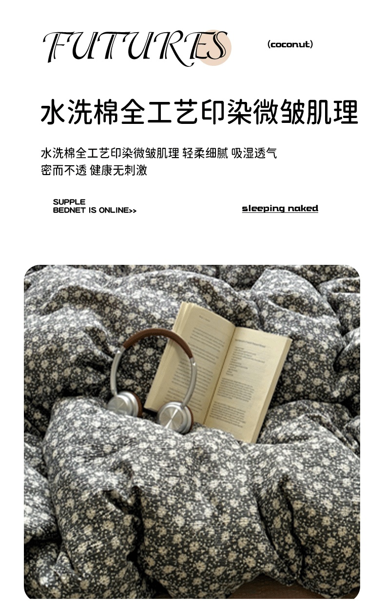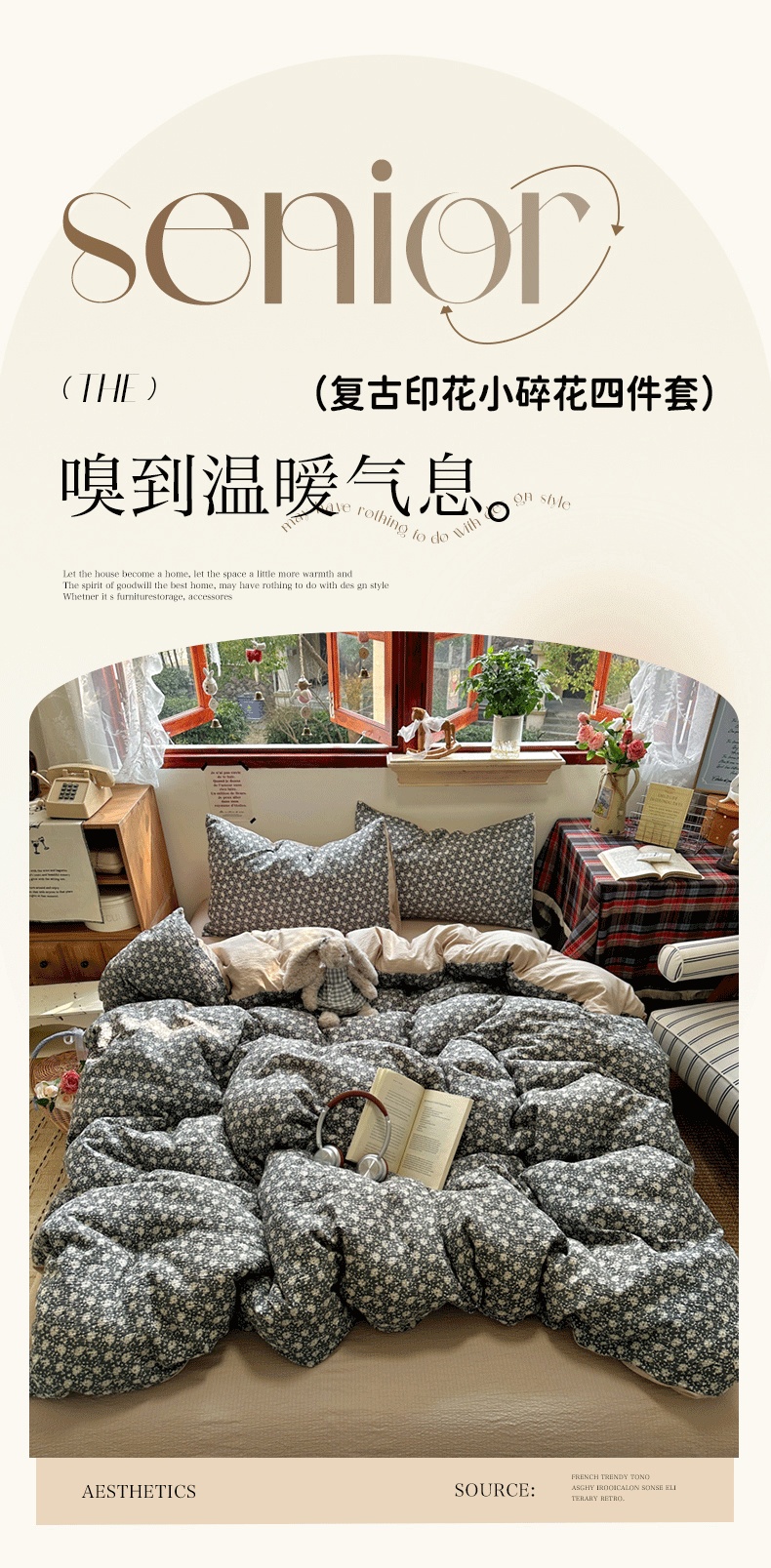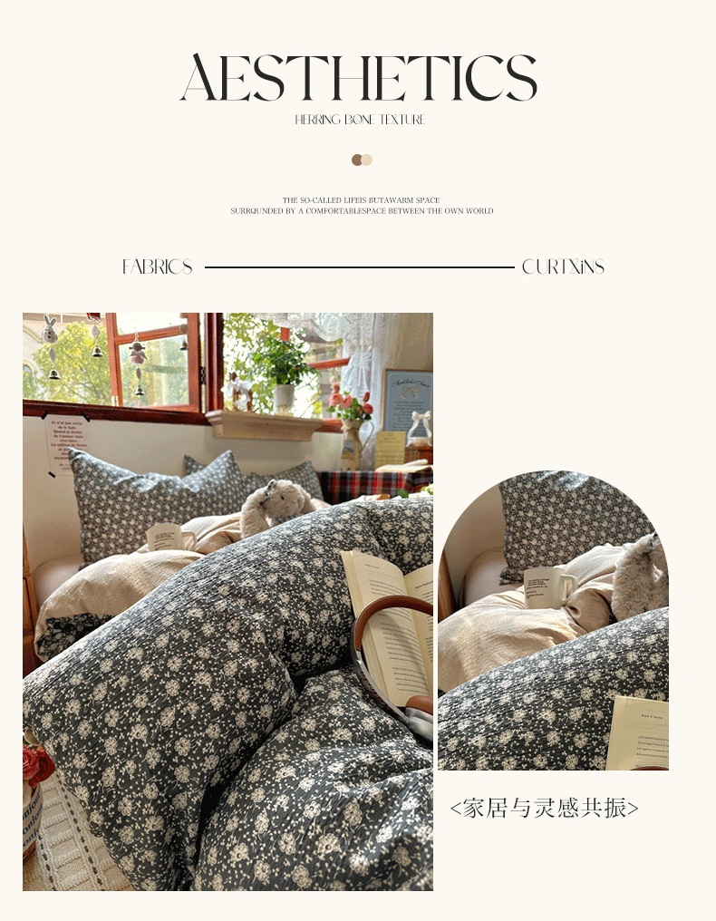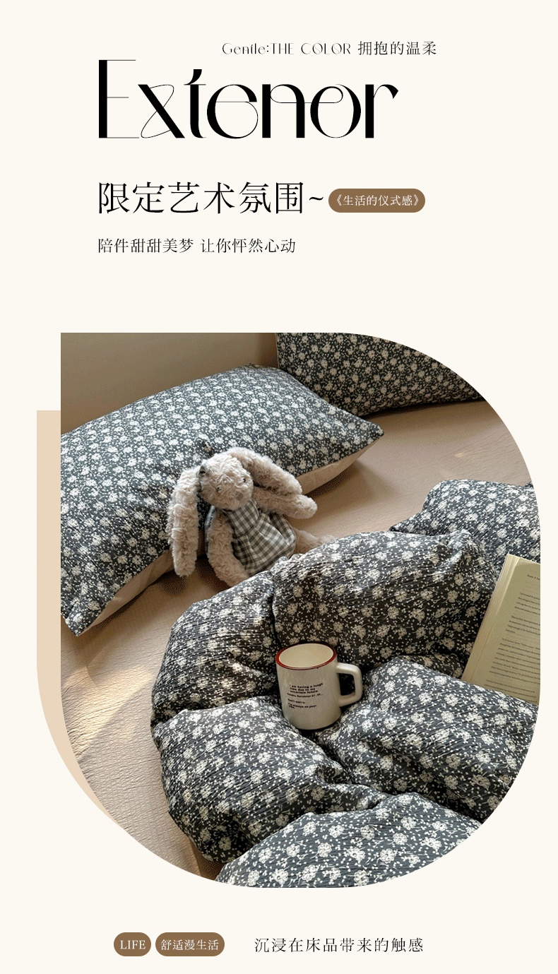 商品名称:(总)阿曼达 2026新款日韩系复古印花小碎花软糯贴肤慵懒伴眠超治愈的床单床笠款四件套【专版花型】
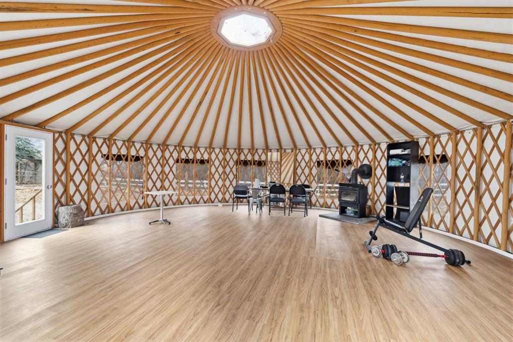 A Private Country Oasis on 5.52 Acres | Steps to Town | 2,231 Sq. Ft. Above Grade | Over 3,000 Sq. Ft. of Total Developed Living Space Discover this exceptional acreage property offering privacy, natural beauty, and timeless country charm — all just minutes from town amenities. Nestled on 5.52 fully treed acres behind a private gated entrance, this uniquely designed residence provides a serene lifestyle while maintaining convenient access to daily necessities and major roadways. The home features thoughtfully selected farmhouse-inspired finishes, including reclaimed elements sourced from historic sites. The well-appointed kitchen includes stainless steel appliances, ample counter space, and extensive cabinetry, providing both functionality and style. The adjoining dining room offers a warm and inviting space for family gatherings and special occasions. A dramatic, light-filled family room showcases vaulted ceilings and expansive windows framing the peaceful natural surroundings. The sunken living room adds an additional cozy retreat, complete with a wood-burning fireplace and bay window — ideal for relaxing on cooler evenings. The upper level hosts a charming primary bedroom with double barn-door closet access, a gas fireplace, and a private balcony overlooking the treed landscape — the perfect spot for morning coffee or quiet reflection. A second bedroom, flex room, and spacious 5-piece bathroom complete this level. The finished lower level offers a large multi-purpose space, an additional bedroom with 2-piece bathroom (macerating toilet), and direct walk-up access to the outdoors.The fully developed lower level offers exceptional additional living space, featuring a bedroom, a 2-piece bathroom (macerating toilet), a large recreation room, storage area, and direct walk-up access to the outdoors, making it ideal for guests, teens, or multi-use living. Outdoor Features The property offers endless opportunities to explore and enjoy nature with mature trees, walking paths, and multiple outdoor activity and relaxation areas. Additional amenities include: • Cottage-style playhouse • Swings and outhouse • Chicken coop and horse shelters • Wood sheds and detached garage • Two firepit areas and water features • Expansive deck space • Pasture and stock waterers — ideal for horse owners Recent Upgrades • Gas stove • Window blinds • Water filtration system • New hot water tank • New furnace Location & Investment Appeal Conveniently located near Honda Okotoks, this property offers excellent access to shopping, services, and commuter routes. A fantastic opportunity for buyers seeking space, lifestyle, and long-term land value in the Okotoks and surrounding area. This one-of-a-kind property combines character, comfort, and possibility — a rare offering that truly must be experienced.
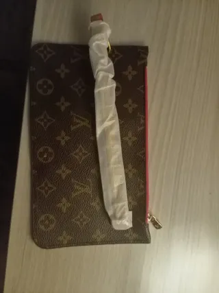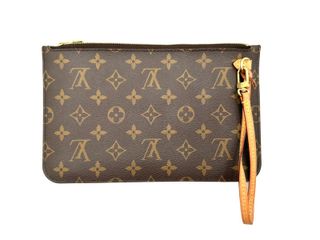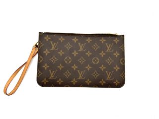 Louis Vuitton Neverfull Monogram Pochette, elegante e versatile. Realizzata in tela Monogram LV con cinturino da polso in pelle naturale, ideale come borsa a mano, clutch o pochette organizzatrice. Dimensioni 24 × 16 cm, con interno foderato in tessuto a righe e ampio spazio per gli essenziali. Buono stato, con lievi segni d'uso sui bordi che non ne compromettono la struttura. Un classico senza tempo di Louis Vuitton.
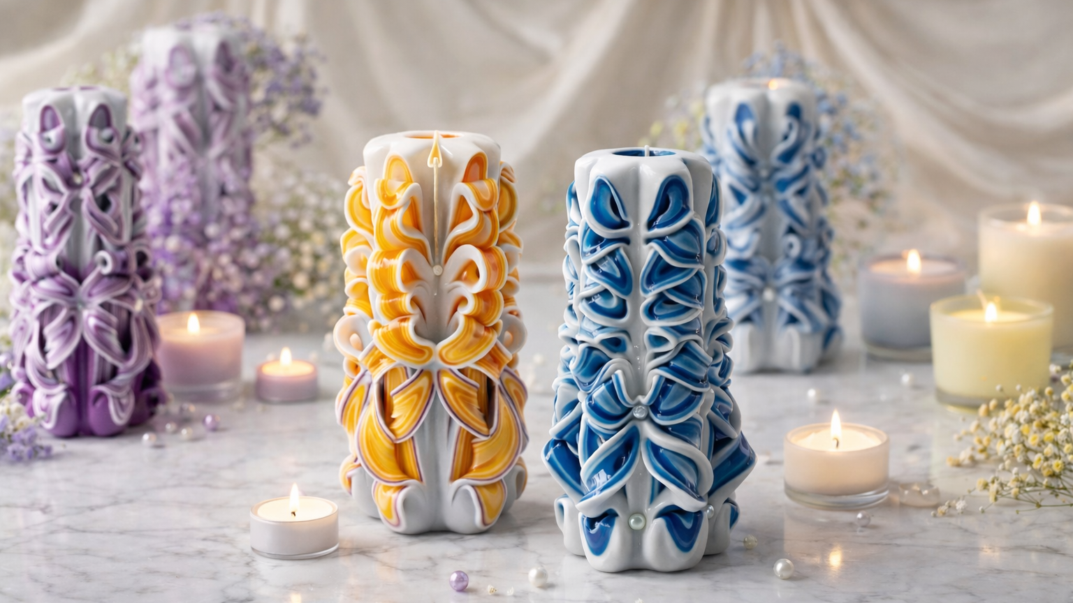 Azure Swan Ribbons – Hand-Carved Luxury Candle
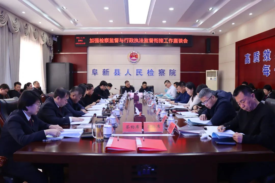 為全面落實(shí)《中共中央關(guān)于加強(qiáng)新時(shí)代檢察機(jī)關(guān)法律監(jiān)督工作的實(shí)施意見》和最高檢《關(guān)于推進(jìn)行刑雙向銜接和行政違法行為監(jiān)督構(gòu)建檢察監(jiān)督與行政執(zhí)法銜接制度的意見》,有效推動(dòng)檢察監(jiān)督與行政執(zhí)法監(jiān)督的銜接配合,助推法治政府建設(shè),11月22日,遼寧省阜新縣人民檢察院與阜新縣司法局聯(lián)合召開了加強(qiáng)檢察監(jiān)督與行政執(zhí)法監(jiān)督銜接工作座談會(huì)??h委常委、副縣長張文遠(yuǎn),縣委常委、政法委書記王立靖參加會(huì)議并講話??h公安局、縣司法局、縣工業(yè)和信息化局、縣人力資源和社會(huì)保障局、縣住房和城鄉(xiāng)建設(shè)局、縣水利局、縣應(yīng)急管理局、縣林業(yè)和草原局等12家行政單位參加了座談會(huì)。市人民檢察院、縣紀(jì)委監(jiān)委、縣人民法院派員參加了會(huì)議。
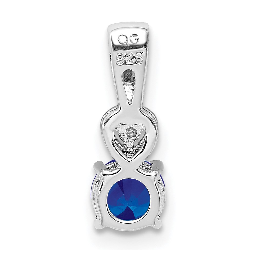 Sterling Silver Rhodium Plated Diamond & Sapphire Round Pendant

----

**ACTIVITY**:
No image belongs in the copy. Transcribe the full listing verbatim.

**SOLUTION FOR THIS EXERCISE**:
 商品名称:(总)阿曼达 2026新款日韩系复古印花小碎花软糯贴肤慵懒伴眠超治愈的床单床笠款四件套【专版花型】
 A Private Country Oasis on 5.52 Acres | Steps to Town | 2,231 Sq. Ft. Above Grade | Over 3,000 Sq. Ft. of Total Developed Living Space Discover this exceptional acreage property offering privacy, natural beauty, and timeless country charm — all just minutes from town amenities. Nestled on 5.52 fully treed acres behind a private gated entrance, this uniquely designed residence provides a serene lifestyle while maintaining convenient access to daily necessities and major roadways. The home features thoughtfully selected farmhouse-inspired finishes, including reclaimed elements sourced from historic sites. The well-appointed kitchen includes stainless steel appliances, ample counter space, and extensive cabinetry, providing both functionality and style. The adjoining dining room offers a warm and inviting space for family gatherings and special occasions. A dramatic, light-filled family room showcases vaulted ceilings and expansive windows framing the peaceful natural surroundings. The sunken living room adds an additional cozy retreat, complete with a wood-burning fireplace and bay window — ideal for relaxing on cooler evenings. The upper level hosts a charming primary bedroom with double barn-door closet access, a gas fireplace, and a private balcony overlooking the treed landscape — the perfect spot for morning coffee or quiet reflection. A second bedroom, flex room, and spacious 5-piece bathroom complete this level. The finished lower level offers a large multi-purpose space, an additional bedroom with 2-piece bathroom (macerating toilet), and direct walk-up access to the outdoors.The fully developed lower level offers exceptional additional living space, featuring a bedroom, a 2-piece bathroom (macerating toilet), a large recreation room, storage area, and direct walk-up access to the outdoors, making it ideal for guests, teens, or multi-use living. Outdoor Features The property offers endless opportunities to explore and enjoy nature with mature trees, walking paths, and multiple outdoor activity and relaxation areas. Additional amenities include: • Cottage-style playhouse • Swings and outhouse • Chicken coop and horse shelters • Wood sheds and detached garage • Two firepit areas and water features • Expansive deck space • Pasture and stock waterers — ideal for horse owners Recent Upgrades • Gas stove • Window blinds • Water filtration system • New hot water tank • New furnace Location & Investment Appeal Conveniently located near Honda Okotoks, this property offers excellent access to shopping, services, and commuter routes. A fantastic opportunity for buyers seeking space, lifestyle, and long-term land value in the Okotoks and surrounding area. This one-of-a-kind property combines character, comfort, and possibility — a rare offering that truly must be experienced.
 Louis Vuitton Neverfull Monogram Pochette, elegante e versatile. Realizzata in tela Monogram LV con cinturino da polso in pelle naturale, ideale come borsa a mano, clutch o pochette organizzatrice. Dimensioni 24 × 16 cm, con interno foderato in tessuto a righe e ampio spazio per gli essenziali. Buono stato, con lievi segni d'uso sui bordi che non ne compromettono la struttura. Un classico senza tempo di Louis Vuitton.
 Azure Swan Ribbons – Hand-Carved Luxury Candle
 為全面落實(shí)《中共中央關(guān)于加強(qiáng)新時(shí)代檢察機(jī)關(guān)法律監(jiān)督工作的實(shí)施意見》和最高檢《關(guān)于推進(jìn)行刑雙向銜接和行政違法行為監(jiān)督構(gòu)建檢察監(jiān)督與行政執(zhí)法銜接制度的意見》,有效推動(dòng)檢察監(jiān)督與行政執(zhí)法監(jiān)督的銜接配合,助推法治政府建設(shè),11月22日,遼寧省阜新縣人民檢察院與阜新縣司法局聯(lián)合召開了加強(qiáng)檢察監(jiān)督與行政執(zhí)法監(jiān)督銜接工作座談會(huì)??h委常委、副縣長張文遠(yuǎn),縣委常委、政法委書記王立靖參加會(huì)議并講話??h公安局、縣司法局、縣工業(yè)和信息化局、縣人力資源和社會(huì)保障局、縣住房和城鄉(xiāng)建設(shè)局、縣水利局、縣應(yīng)急管理局、縣林業(yè)和草原局等12家行政單位參加了座談會(huì)。市人民檢察院、縣紀(jì)委監(jiān)委、縣人民法院派員參加了會(huì)議。
 Sterling Silver Rhodium Plated Diamond & Sapphire Round Pendant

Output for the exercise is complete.